— О, сударь, — промолвила она, — не дай нам Бог, чтобы вы считали нас неблагодарными и неспособными сознавать все то, что вы для нас уже сделали, и то, что вы еще намереваетесь сделать, но мы с сестрой несколько напуганы огромным количеством обязательств, которыми мы обременяем постороннего.
— Постороннего! — повторил Рене. — Вы более жестокосердны, чем ваша сестра, мадемуазель: она не отважилась произнести такое слово.
Но Джейн продолжала:
— Боже мой! Как же трудно юной девушке, совсем ребенку, за которого всегда думали отец и мать, выразить свое мнение! О, пусть даже после этого сестра будет бранить меня, но я не допущу, чтобы вы ушли от нас с таким дурным мнением о наших душах.
— Но, Джейн, — возразила Элен, — господину Рене прекрасно известно…
— Нет, Элен, нет, — прервала ее Джейн, — ничего господину Рене не известно; я прекрасно увидела это по тому, с каким видом он поднялся, чтобы попрощаться с нами, я прекрасно поняла это по его дрогнувшему голосу, когда он предложил нам встать под защиту кого-нибудь другого.
— Джейн!
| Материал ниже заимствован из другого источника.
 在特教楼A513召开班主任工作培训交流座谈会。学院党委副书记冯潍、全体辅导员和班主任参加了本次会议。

Джейн! — пыталась остановить ее Элен.
— Пусть господин Рене думает все, что хочет, — воскликнула Джейн, — лишь бы он не думал, что мы неблагодарны! — и, повернувшись к Рене, добавила: — Нет, сударь, устами моей сестры говорили общественные приличия, моими же устами будет говорить правда. Так вот, правда заключается в следующем: моя сестра опасается — и этот вопрос мы обсуждали с ней уже не раз — она опасается, как бы ваше двухмесячное отсутствие на борту не повредило вам в глазах Сюркуфа; она опасается, как бы ваши интересы не были поставлены под угрозу вашей услужливостью; она предпочла бы, чтобы скорее мы потеряли все наше состояние, чем вы лишились продвижения по службе, которого заслуживаете по множеству причин.
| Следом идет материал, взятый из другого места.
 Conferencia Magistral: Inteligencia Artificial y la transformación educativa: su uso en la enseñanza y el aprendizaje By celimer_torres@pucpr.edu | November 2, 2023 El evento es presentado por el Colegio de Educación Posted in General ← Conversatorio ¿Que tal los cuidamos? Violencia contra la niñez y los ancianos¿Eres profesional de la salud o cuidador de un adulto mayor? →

— Позвольте мне вначале ответить на эту часть опасений мадемуазель Элен. Это господин Сюркуф назначил меня вашим опекуном в то самое время, когда мое сердце обязало меня быть вашим братом; это с его одобрения я купил небольшой шлюп, который должен доставить вас в Рангун и который, идя под нейтральным флагом, не подвергнет вас опасности, угрожавшей вам на «Штандарте». Вы видели, как этим утром прямо у вас на глазах господин Сюркуф выверял стоимость улучшений, которые я намерен сделать на моем шлюпе. Ни на одном судне, какого бы водоизмещения оно ни было, вам не будет так хорошо, так уютно, как на борту «Нью-Йоркского гонца».
— Но, сударь, — преодолевая робость, отважилась заметить Элен, — разве можем мы позволить, чтобы, создавая дополнительные удобства для нашего путешествия, вы израсходовали на восемь или десять тысяч франков больше, чем потратили бы, не стань мы вашими пассажирами.
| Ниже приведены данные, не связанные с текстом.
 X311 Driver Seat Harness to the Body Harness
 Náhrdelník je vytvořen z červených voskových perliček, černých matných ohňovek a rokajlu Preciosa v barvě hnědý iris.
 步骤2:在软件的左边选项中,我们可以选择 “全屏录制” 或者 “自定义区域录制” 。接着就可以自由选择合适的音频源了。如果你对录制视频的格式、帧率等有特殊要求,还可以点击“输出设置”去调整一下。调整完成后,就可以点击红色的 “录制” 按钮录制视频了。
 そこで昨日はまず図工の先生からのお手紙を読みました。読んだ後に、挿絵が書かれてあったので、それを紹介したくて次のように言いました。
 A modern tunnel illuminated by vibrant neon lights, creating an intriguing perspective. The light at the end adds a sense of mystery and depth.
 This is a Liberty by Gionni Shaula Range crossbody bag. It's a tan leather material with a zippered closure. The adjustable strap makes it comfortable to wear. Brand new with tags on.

— Вы ошибаетесь, мадемуазель, — настойчиво продолжал Рене. — Это не вы направляетесь в Индию, это я направляюсь туда. Повидать Иль-де-Франс или остров Реюньон не значит увидеть Индию. Я страстный охотник. Дав себе обещание поохотиться на пантеру, тигра и слона, я держу слово, только и всего. Принимаете или не принимаете вы мое предложение сопроводить вас в ваше поместье, сам я все равно отправлюсь в Индию. Берега реки Пегу, как уверяют, являются одной из самых изобилующих тиграми и пантерами местностей во всем Бирманском королевстве. Кроме того, позвольте мне сказать вам, мои дорогие сестры, что по приезде вам необходимо будет исполнить последний и горестный долг. До сего дня эта благочестивая обязанность была возложена вами на меня; так неужели вы не позволите мне довершить этой печальной радостью то, что я начал, и, так резко и раньше срока разлучив меня с вами, навсегда лишите меня одного из тех воспоминаний, какие должны были бы стать самыми дорогими в моей жизни?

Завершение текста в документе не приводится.